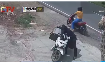Beberapa menit kemudian: Dua pelaku berpakaian hitam dan bertopi datang berboncengan; satu membobol motor dalam 22 detik dan kabur dengan 105 paket.
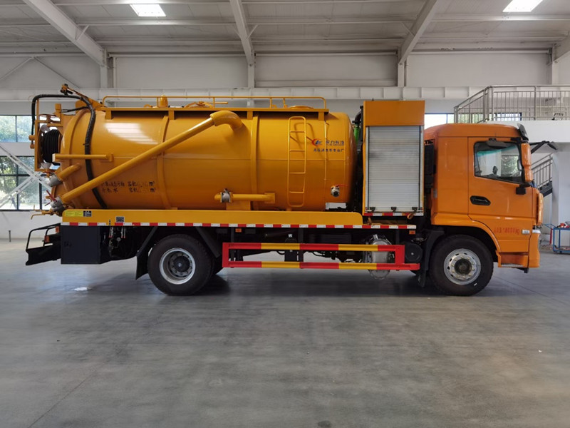 罐體采用采用國標8mm厚碳鋼板,配強力吸污泵,進口高壓泵。清洗吸污車既可以疏通、清洗下水道,又可以抽吸污水池與化糞池,一車兩用,工作效率高,是清理市政管網,河道清淤的好幫手。該車容積大馬力強,總容積達到15方,罐體容積可按需分配,配置一臺發動機專門為吸污泵提供動力,吸力強勁,外觀豪華大氣,彰顯實力。
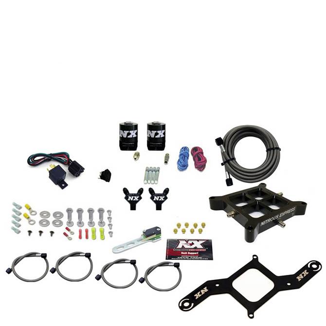 4150 BILLET CROSSBAR STAGE 6 The new NX Billet Crossbar nitrous plate systems have just raised the bar in nitrous plate technology. The CNC machined design eliminates round spray bars resulting in excellent atomization and cylinder distribution. With no spray bars to sag, rotate or disrupt airflow, this is truly the Next Generation in cross bar nitrous plate technology. This crossbar nitrous system includes more than the standard crossbar nitrous kit. It includes a custom solenoid bracket, billet aluminum y fittings, braided stainless solenoid to plate lines, nickel plated fittings, wide open throttle switch, master arming switch, 40 Amp relay and relay harness. This system is designed for 4150 flange manifolds and includes jetting for 50, 100, 150, 200, 250 & 300HP.
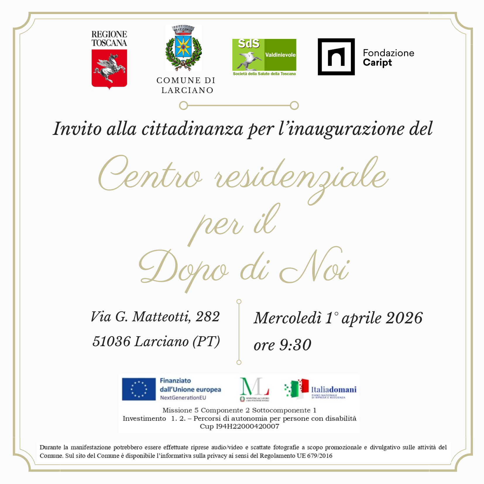 La cittadinanza è invitata mercoledì 1° aprile 2026 alle ore 9:30 all'inaugurazione del nuovo centro residenziale per il “Dopo di noi”.
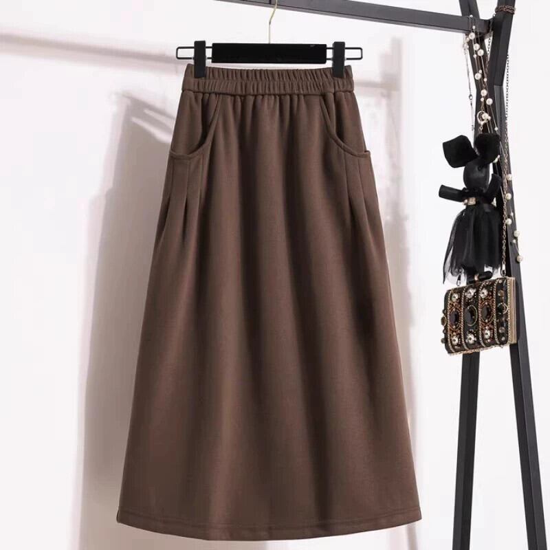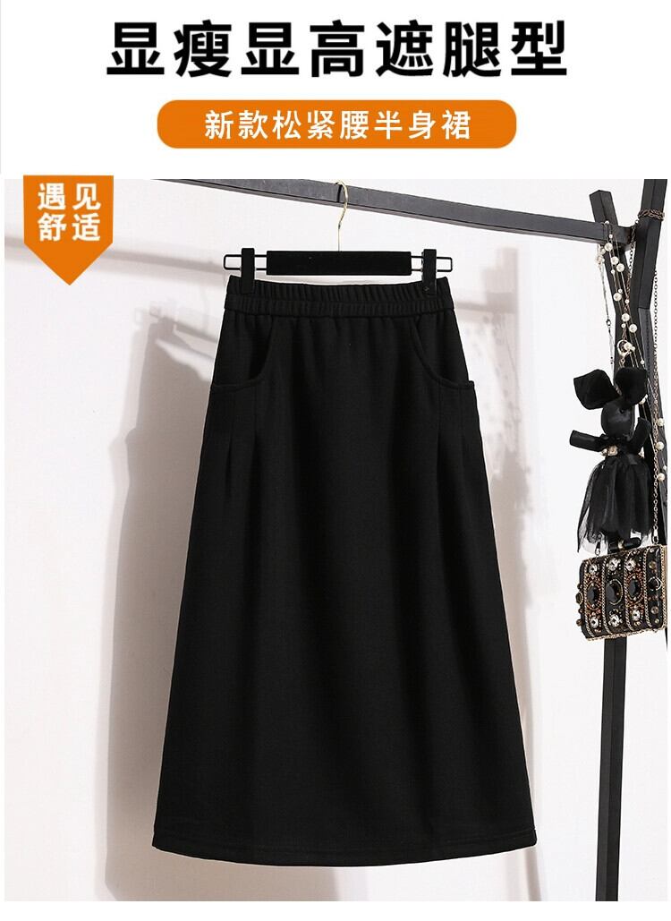 プラスサイズの秋の新しいシンプルなストレッチコーデュロイスカート太った女性、多用途、スリム、ルーズAラインスカート、ロングスカート 大きめサイズ オータム 秋物 8884168129543869
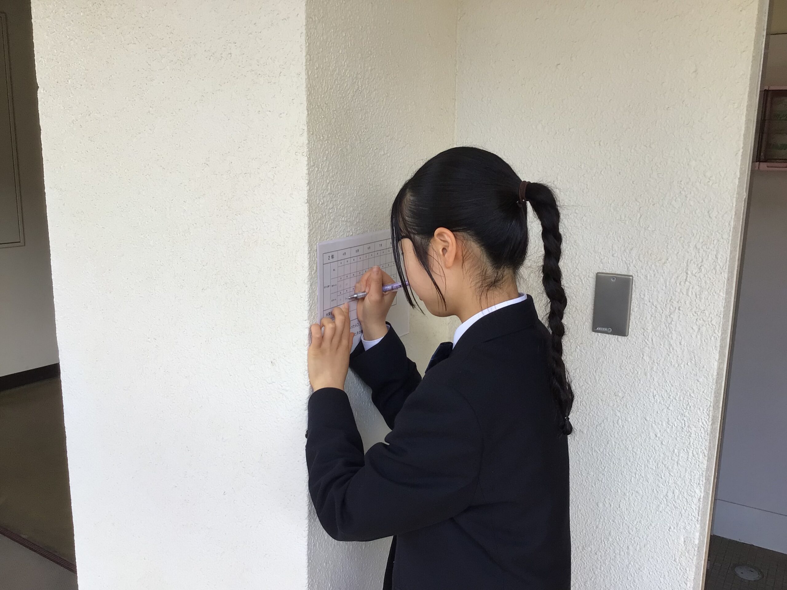 最後は、点検した結果をチェックリストに記入します。 異常がないか、いつ、誰が点検したのかを正確に記録に残すことで、学校全体の衛生管理が守られています。
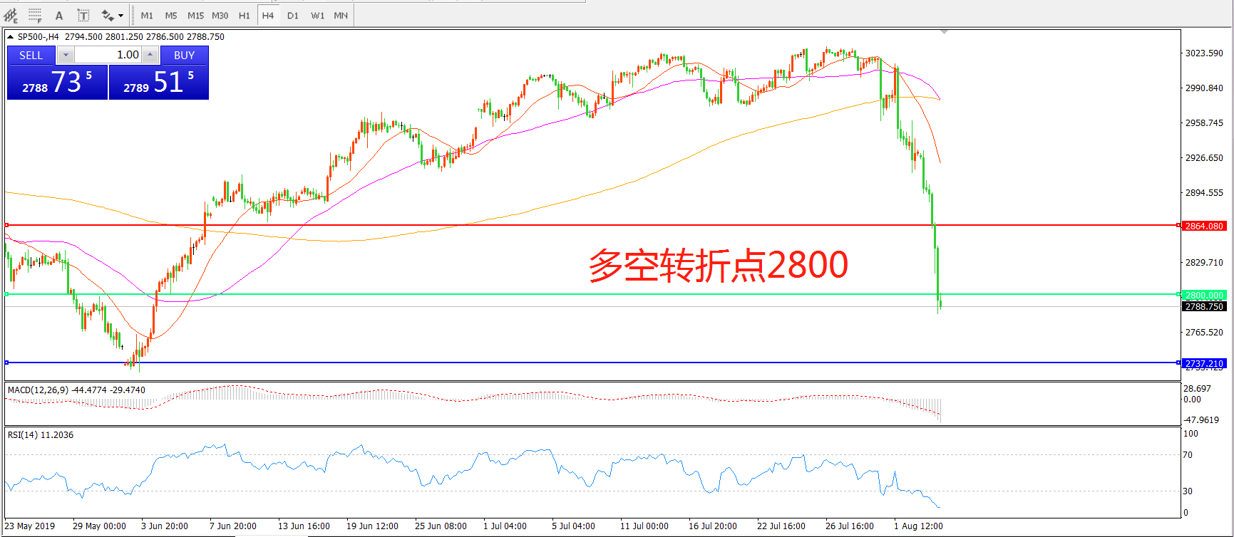 多空转折点:2800.00

_PROBLEM TO WORK ON_
Without the pictures, please reproduce each line of the listing above exactly, from the first one through the line bearing "罐體采用采用國標8mm厚碳鋼".

_EXERCISE SOLUTION_
Beberapa menit kemudian: Dua pelaku berpakaian hitam dan bertopi datang berboncengan; satu membobol motor dalam 22 detik dan kabur dengan 105 paket.
 罐體采用采用國標8mm厚碳鋼板,配強力吸污泵,進口高壓泵。清洗吸污車既可以疏通、清洗下水道,又可以抽吸污水池與化糞池,一車兩用,工作效率高,是清理市政管網,河道清淤的好幫手。該車容積大馬力強,總容積達到15方,罐體容積可按需分配,配置一臺發動機專門為吸污泵提供動力,吸力強勁,外觀豪華大氣,彰顯實力。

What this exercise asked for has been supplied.